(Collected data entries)
────

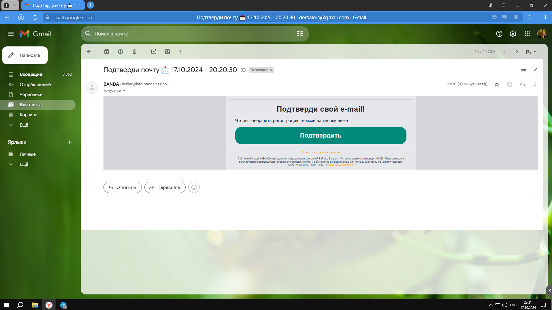 S suric66 Ловец Скейтеров Проверенный 14 Июн 2020 111 33 59 Credits ¢133 17 Окт 2024 #33 Участвую Вложения Screenshot_2024-10-17-18-33-03-002_ru.mail.mailapp.jpg 376.3 KB Просмотры: 41
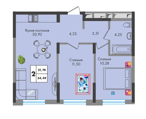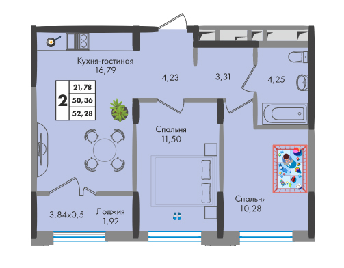 2 52.28 / 21.78 м² от 7 319 200 руб. (140 000 руб./м²) Планировка
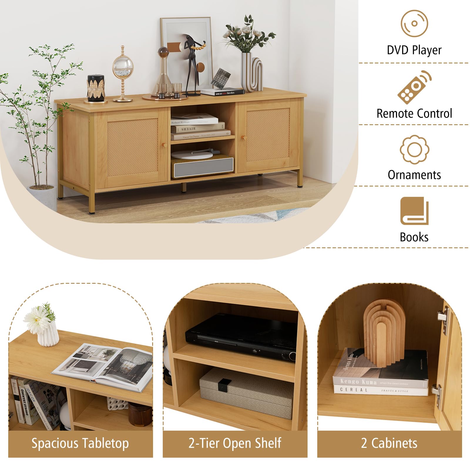 - 【Large & Sorted Storage Space】: 2-tier open shelf provides ample space to store DVD players, remote control, and game consoles. In addition, there are 2 cabinets to enlarge storage capacity for a variety of daily items, keeping your home well organized.
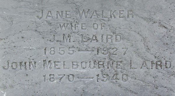 - [S2241] Marker Inscription. John Melbourne Laird, Marker Inscription; David A. Walker, August 2004.
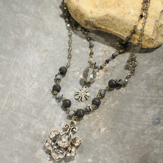 Flower & Stone Drop Layered Bead & Czech Necklace
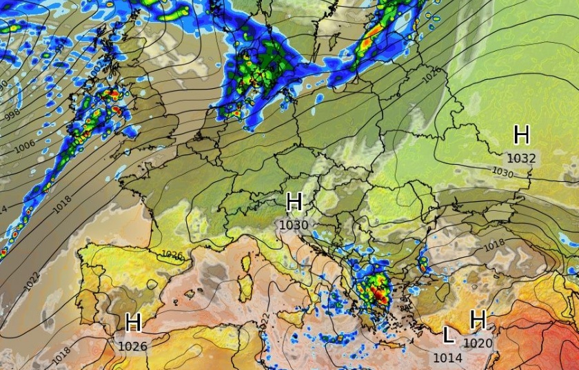 Σύμφωνα με τα τελευταία δεδομένα του ECMWF, ένα βαρομετρικό χαμηλό υψηλής έντασης αναμένεται να στροβιλίζεται πάνω από την Ελλάδα, δημιουργώντας τις κατάλληλες συνθήκες για εκδήλωση ισχυρών βροχοπτώσεων και καταιγίδων.
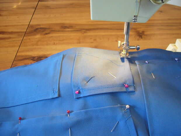 Una vez que los bolsillos están acabados en pieza principal endecha plana y decidan donde quieres que tus bolsillos. Comenzando en el extremo inferior y su forma de trabajo para arriba.
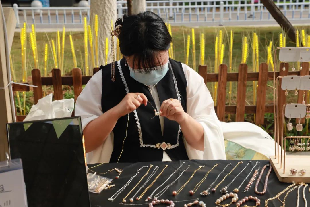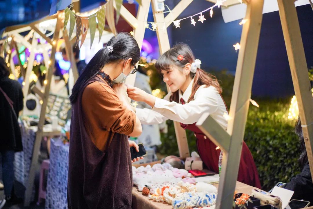 “我是第一次参加这类市集活动,主要是为了体验生活,看到自己亲手做的东西被人喜欢和认可,我觉得特别的开心。”湖北美术学院大二学生林泽笑着说,市集才开市不到一个小时,她已经卖出了不少自己手作的发卡。

────

**Description of the task**
Where the line containing "Flower & Stone" appears in the records above, begin copying and continue exactly through the last line, with nothing else; omit every picture.

**Answer to this task**
 Flower & Stone Drop Layered Bead & Czech Necklace
 Σύμφωνα με τα τελευταία δεδομένα του ECMWF, ένα βαρομετρικό χαμηλό υψηλής έντασης αναμένεται να στροβιλίζεται πάνω από την Ελλάδα, δημιουργώντας τις κατάλληλες συνθήκες για εκδήλωση ισχυρών βροχοπτώσεων και καταιγίδων.
 Una vez que los bolsillos están acabados en pieza principal endecha plana y decidan donde quieres que tus bolsillos. Comenzando en el extremo inferior y su forma de trabajo para arriba.
 “我是第一次参加这类市集活动,主要是为了体验生活,看到自己亲手做的东西被人喜欢和认可,我觉得特别的开心。”湖北美术学院大二学生林泽笑着说,市集才开市不到一个小时,她已经卖出了不少自己手作的发卡。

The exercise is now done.